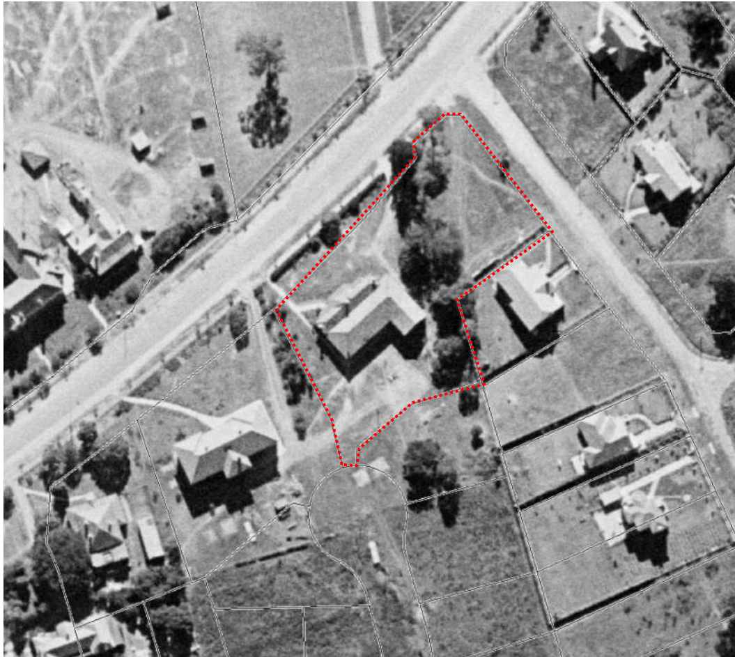
Figure 5: 1943 aerial photograph over the site. Site outlined in Red.

Burnside Presbyterian Orphan Homes changed its name to Burnside Presbyterian Homes for Children in 1955, in recognition of the fact that most children in the home were not orphans.
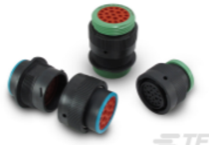
TE Part #HDP24-24-47SE-L017 DEUTSCH HDP20 Housings
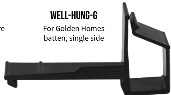
WELL-HUNG-G For Golden Homes batten, single side

No more messy, unsafe and time-consuming methods. Just clip on and go.
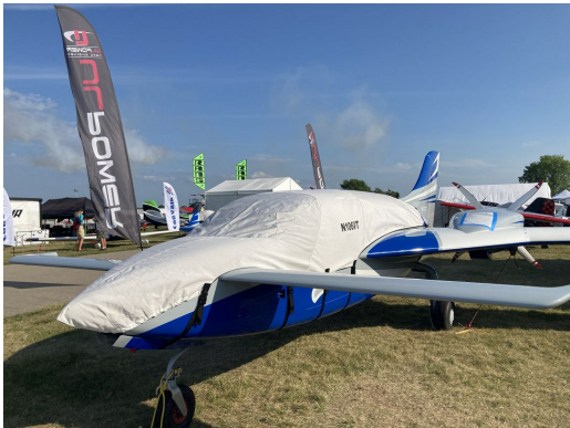
Twin Velocity Canopy/Nose Cover

Travel Covers are made with Silver Solution-Dyed Polyester fabric and only lined over the windshield to save weight. The material is lightweight and more compact for easy stowage in the aircraft. The polyester material is water resistant, but only intended for occasional use outside. We also have an ultra lightweight material available for fitted hangar dust covers. For daily outdoor use, the non-travel Sunbrella Cover is the best choice.
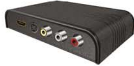
CVBS/S-Video to HDMI converter
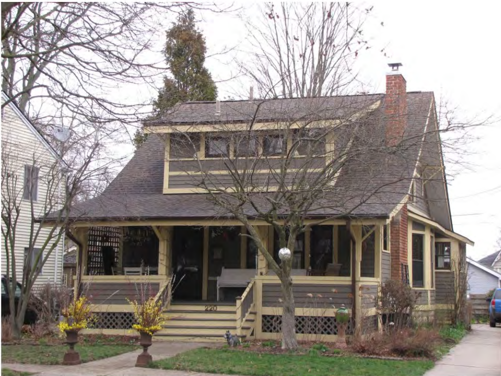
Linden 220_Looking Northeast
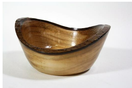
Jay Mullins - 5” Natural Edge Maple Bowl
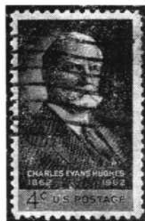
Charles Evans Hughes US #1195.
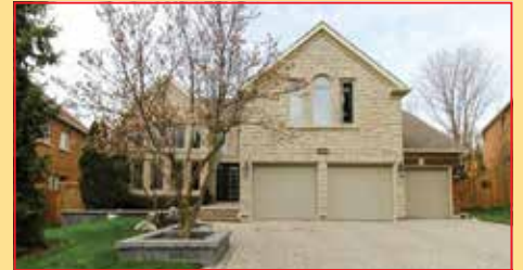
This One's Loaded! $1,988,000 Premium Lot, Demand Location! Thousands In Extras & Upgrades
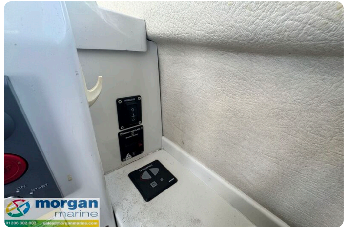
Orkney Day Angler 24 - bow thruster controls
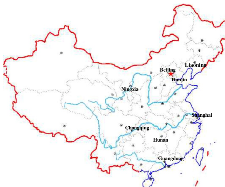
Figure 2 The geographic distribution of involved provinces and municipalities. This study was designed to be multi-center school-based cluster randomized controlled obesity intervention trial. Liaoning, Tianjin, Ningxia, Shanghai, Chongqing, Hunan, and Guangdong were involved in it.
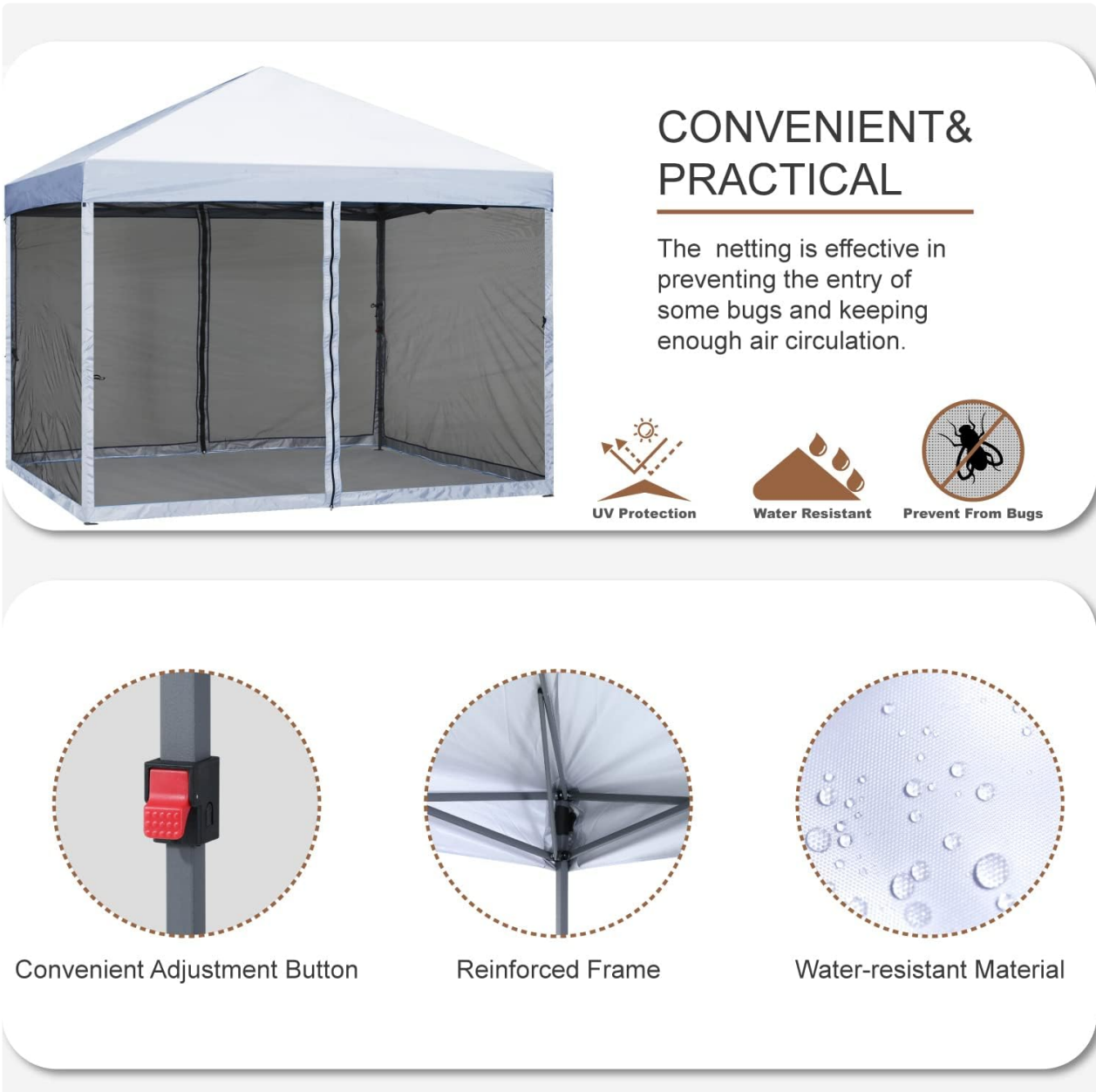
Figure 4: Convenient and practical features of the canopy.
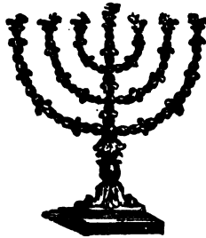
THE GOLDEN CANDLESTICK.

Within the Tabernacle, in the first apartment, the "Holy," on the right (north), stood the Table of "Shew-bread"—a wooden table overlaid with gold; and upon it were placed twelve cakes of unleavened bread in two piles, with frankincense on top of each [pile. (Lev. 24:6, 7.)
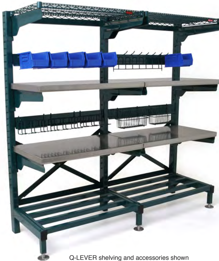
Q-LEVER shelving and accessories shown
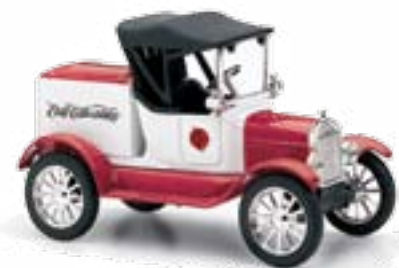
1:25 1918 Ford Runabout
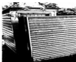
163 - Teachers Residence at State School 1134 06 - Shire of Eltham Heritage Study 1992
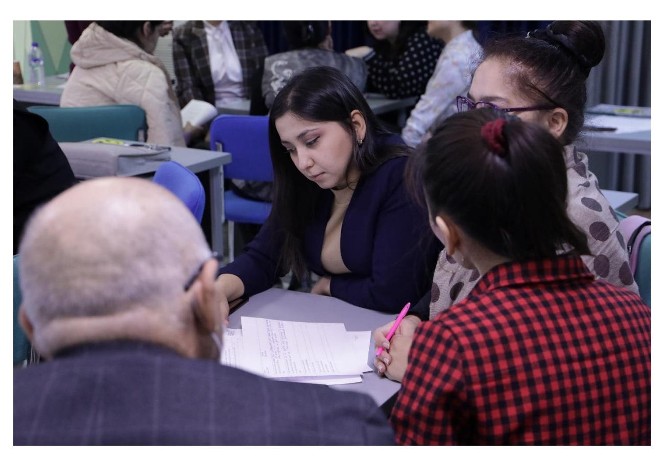
Group activity during module 5 at Pilot 1 of the DECIDE Curriculum held at "MUSHTOQ KO'ZLAR" Society of social mutual aid of disabled children Tashkent.
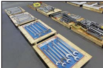
VIEW OF HAND TOOLS
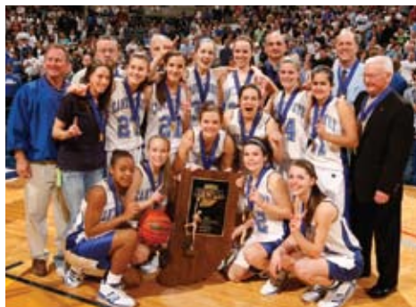
2008 IHSAA A Girls Basketball State Champion Fort Wayne Canterbury
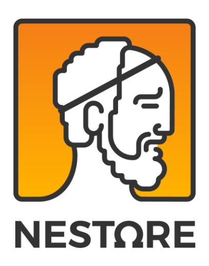
Figure 2 - NESTORE Vertical Logo

For images, human presence has been preferred to abstractive composition or drawings.
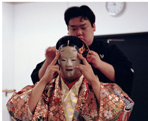
Figure 6: Actor donning mask at a Noh workshop in Copenhagen, Denmark, 2010.

Rehearsal and training instill an embodied understanding of the art's form and technique in the performer, and adherence to the forms gives performances their versatility and longevity. 43 Techniques thus serve as a conservative force within a performance genre as each generation
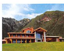
INKATERRA HACIENDA URUBAMBA VALLE SAGRADO - PERU

Just steps from the entrance to Machu Picchu, Belmond Sanctuary Lodge is the only hotel that neighbors the Inca citadel. This charming mountain retreat is the perfect place to relax. ➔ belmond.com
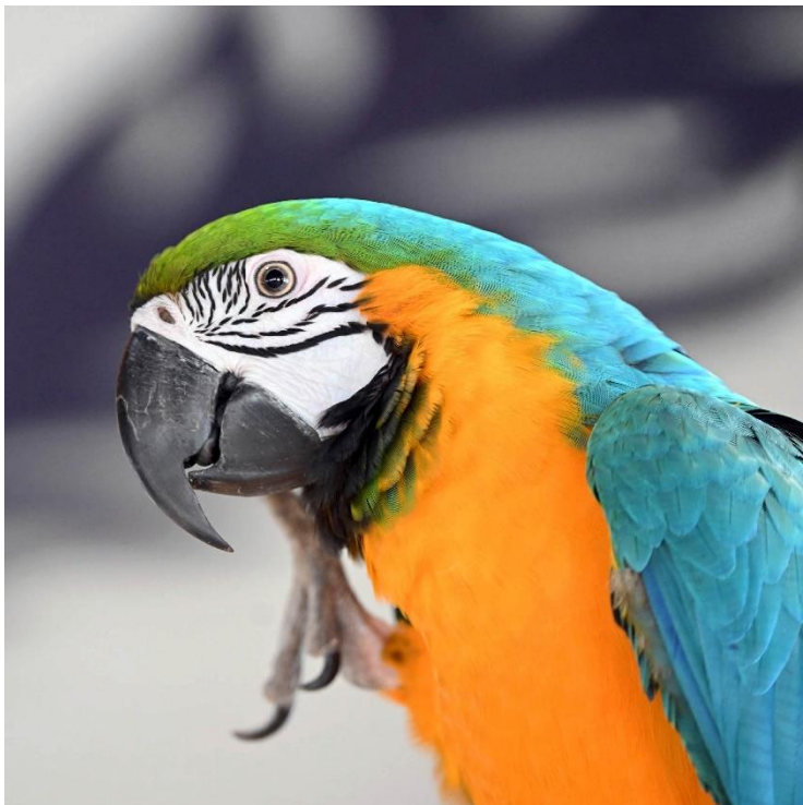
Blue and Yellow Macaw
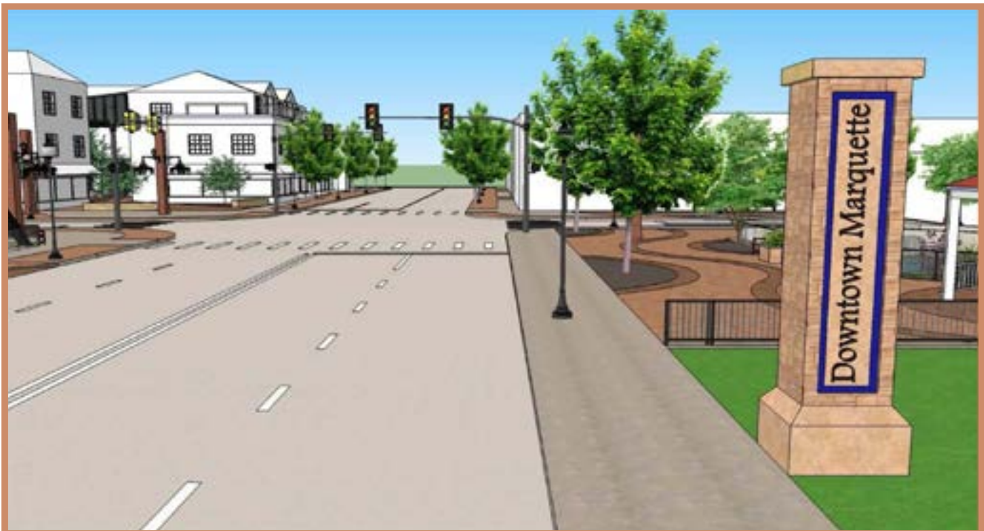
Utilizing Baraga Avenue as the “gateway” to downtown Marquette will improve the area’s sense of place.
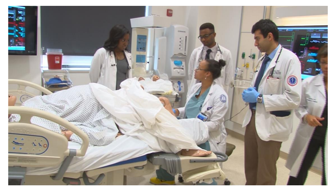
Howard unveils new medical simulation center | wusa9.com

As of today, we have obtained over $750K in grant funds for medical simulation equipment and staffing that can be used towards this facility.
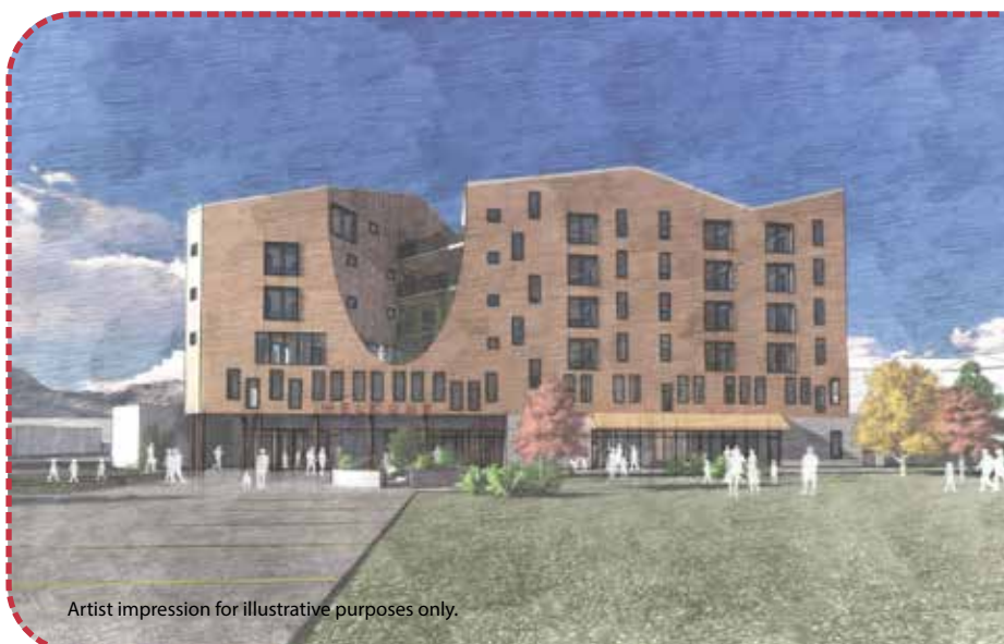
Artist impression for illustrative purposes only.

This development will be built on land in downtown Sechelt that we already own and on which we already provide a wide variety of community services. With our thoughtful design and community-centric approach, we will revitalize the neighbourhood at the end of Inlet Avenue into a safe and welcoming space for all.

★ ★ ★

§ **Work request**:
Lines that hold the word "will" are the ones to copy from the entries above.

§ **Response box**:
Utilizing Baraga Avenue as the “gateway” to downtown Marquette will improve the area’s sense of place.
This development will be built on land in downtown Sechelt that we already own and on which we already provide a wide variety of community services. With our thoughtful design and community-centric approach, we will revitalize the neighbourhood at the end of Inlet Avenue into a safe and welcoming space for all.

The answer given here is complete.